$B\begin{pmatrix} a & b & c \\ d & e & f \end{pmatrix}=\begin{pmatrix} 0 & 0 & 0 \\ 0 & 0 & 0 \end{pmatrix} \qquad \Longrightarrow \qquad \begin{pmatrix} a & 0 & 2c \\ 0 & e-d & f \end{pmatrix}=\begin{pmatrix} 0 & 0 & 0 \\ 0 & 0 & 0 \end{pmatrix}$
Therefore, $a=c=f=0$ and $e=d$. Thus $b,d$ are free to take on any real value. So, yes.
$ \mathrm{ker}(B) = \left\{ b\begin{pmatrix} 0 & 1 & 0 \\ 0 & 0 & 0 \end{pmatrix} + d\begin{pmatrix} 0 & 0 & 0 \\ 1 & 1 & 0 \end{pmatrix} \;{\Huge |}\; b,d \in \mathbb{R} \right\}$
Clearly the kernel is 2-dimensional. The domain being 6-dimensional means that the rank must be $6-2=4$. You are correct.

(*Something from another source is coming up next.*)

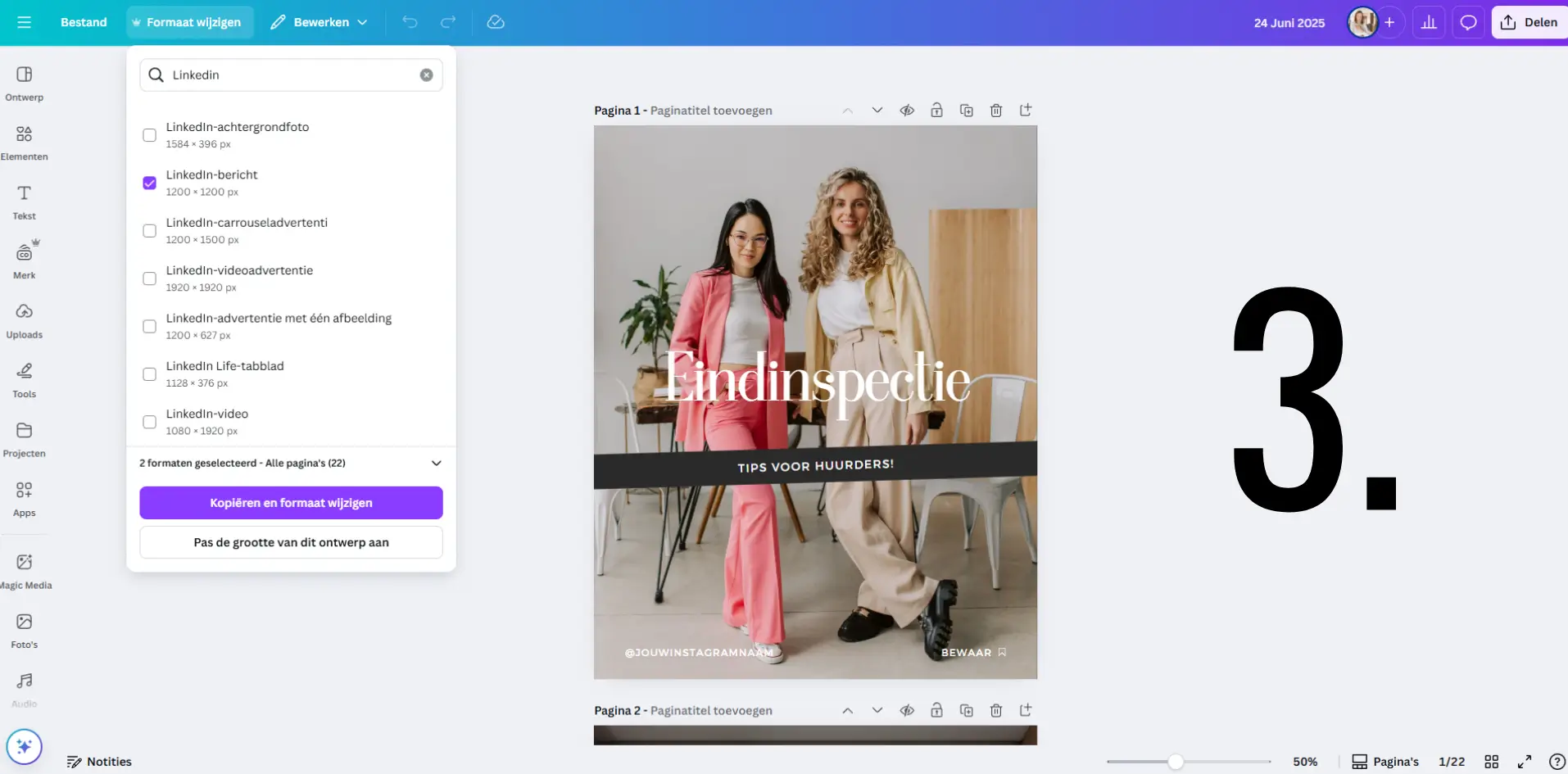 - Wanneer je in het ontwerp zit, klik je links bovenaan op “formaat wijzigen” De meeste van onze ontwerpen zijn in het portret formaat, de meest standaard gebruikte op Instagram. Is dit niet het geval dan raden we je aan om dit formaat alsnog aan te passen. In 2024 was het standaard formaat van Instagram vierkant (1080×1080)

You can also see that the rank is 4 directly. Notice that
$\left\{ \begin{pmatrix} 1 & 0 & 0 \\ 0 & 0 & 0 \end{pmatrix}, \begin{pmatrix} 0 & 0 & 1 \\ 0 & 0 & 0 \end{pmatrix}, \begin{pmatrix} 0 & 0 & 0 \\ 0 & 1 & 0 \end{pmatrix}, \begin{pmatrix} 0 & 0 & 0 \\ 0 & 0 & 1 \end{pmatrix} \right\}$
are all elements in the range of $B$ [set $a,\dots,f=0$ with the exception of (1) $a=1$, (2) $c=1/2$, (3) $e=1$, and (4) $f=1$.]
Clearly these elements span the range and are independent. Thus the dimension of the range is 4 (so rank=4).